# Nothing new...just share some my CRS photos



## kangshiang (Apr 27, 2005)

really nothing changed...same tanks same setup.......enjoy...:supz:
All red.......:mad2:
















All black ainkille
















Thanks for looking....:lalala:


----------



## DarrylR (Dec 5, 2007)

Lovely tank of shrimp!


----------



## wicca27 (Oct 13, 2008)

Mind if i ask grade the reds are


----------



## kangshiang (Apr 27, 2005)

wicca27 said:


> Mind if i ask grade the reds are


Those reds are between S to SS grade...:supz:


----------



## Tex Gal (Nov 1, 2007)

I just love these guys!


----------



## tex627 (Nov 2, 2008)

how big is your tank? you have a massive colony!


----------



## Gordonrichards (Apr 28, 2009)

I'm digging your shrimps! I consider them S SS grade too!
Gotta love the no entry sign!


----------



## kangshiang (Apr 27, 2005)

Gordonrichards said:


> I'm digging your shrimps! I consider them S SS grade too!
> Gotta love the no entry sign!


Ya...that's my mixed grade tank...included S grade S+ (V type, tiger tooth, half hino) and also SS grade (both regular hinomaru and no entry sign too).
All of my CRS tanks are 20G...


----------



## tex627 (Nov 2, 2008)

20 long or 20 regular?


----------



## kangshiang (Apr 27, 2005)

tex627 said:


> 20 long or 20 regular?


actually if you have more space I think 20 long will be better.
So far mine are 20 regular.


----------



## feiyang (Jan 27, 2007)

How come they are all same sized...? You seperate babies from adults?


----------



## kangshiang (Apr 27, 2005)

feiyang said:


> How come they are all same sized...? You seperate babies from adults?
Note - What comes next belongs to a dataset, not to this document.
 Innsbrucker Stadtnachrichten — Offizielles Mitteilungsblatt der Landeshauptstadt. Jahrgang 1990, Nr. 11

really??? they are all same sized??? 
no I didn't seperate babies from adults...the babies always hiding in the moss...:cheer2:


----------



## tranr (May 20, 2009)

That's amazing! Thanks for sharing the pictures. What is your 20 gal set up like? That's A LOT of shrimp! I'm still a bit new to keeping shrimp, so it amazes me when that many shrimp can be kept in a tank.... By the way, does anyone know what (if any) the limit is on shrimp population per volume (gallon)?


----------



## Gordonrichards (Apr 28, 2009)

Tranr why test the limits! The bigger the population, the less growth and more stress the shrimps have.
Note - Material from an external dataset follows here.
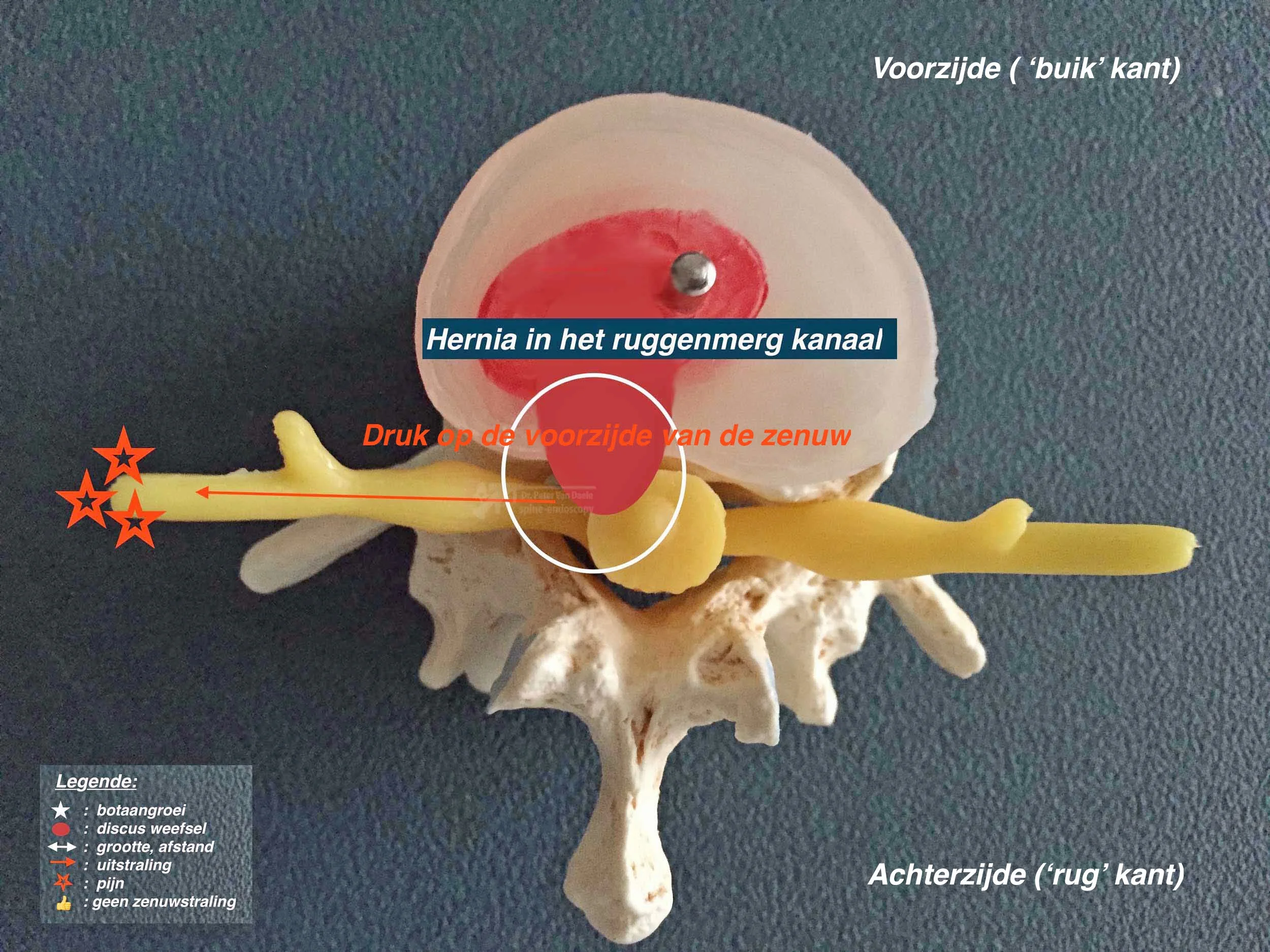 The severity of the symptoms depends on how much pressure the cyst causes on the nerve. In addition to leg pain, reduced strength in the leg and sensory disturbances such as tingling, burning or deafness can also be caused by a hernia. With very large cysts the radiation can be present in both legs with sometimes walking disorders and in extreme cases there can be loss of urine or bowel control.

Smaller populations in tanks result in bigger births.

Max I would say someone would want to have in a 10 gallon would be 150 adults, and it better be planted


----------



## ZID ZULANDER (Aug 19, 2008)

Very nice...


----------



## tex627 (Nov 2, 2008)

tranr said:


> That's amazing! Thanks for sharing the pictures. What is your 20 gal set up like? That's A LOT of shrimp! I'm still a bit new to keeping shrimp, so it amazes me when that many shrimp can be kept in a tank.... By the way, does anyone know what (if any) the limit is on shrimp population per volume (gallon)?
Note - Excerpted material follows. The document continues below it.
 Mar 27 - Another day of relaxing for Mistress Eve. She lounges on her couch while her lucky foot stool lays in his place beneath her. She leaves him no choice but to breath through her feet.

It actually depends more on surface area and bioload than water volume. with more plants, it will increase surface area providing places for shrimp to hide and increase bioload by absorbing some of the tosic nitrogen from shrimp waste. I've kept 200+ shrimp in a 2 gallon before. 90% were not full grown. That should give you an idea of how many shrimo you could keep in a tank.


----------



## Pam916 (May 22, 2008)

What kind of substrate do you use?


----------



## Ahura-sama (Sep 5, 2008)

Wow, those bumble bee or just Bee??


----------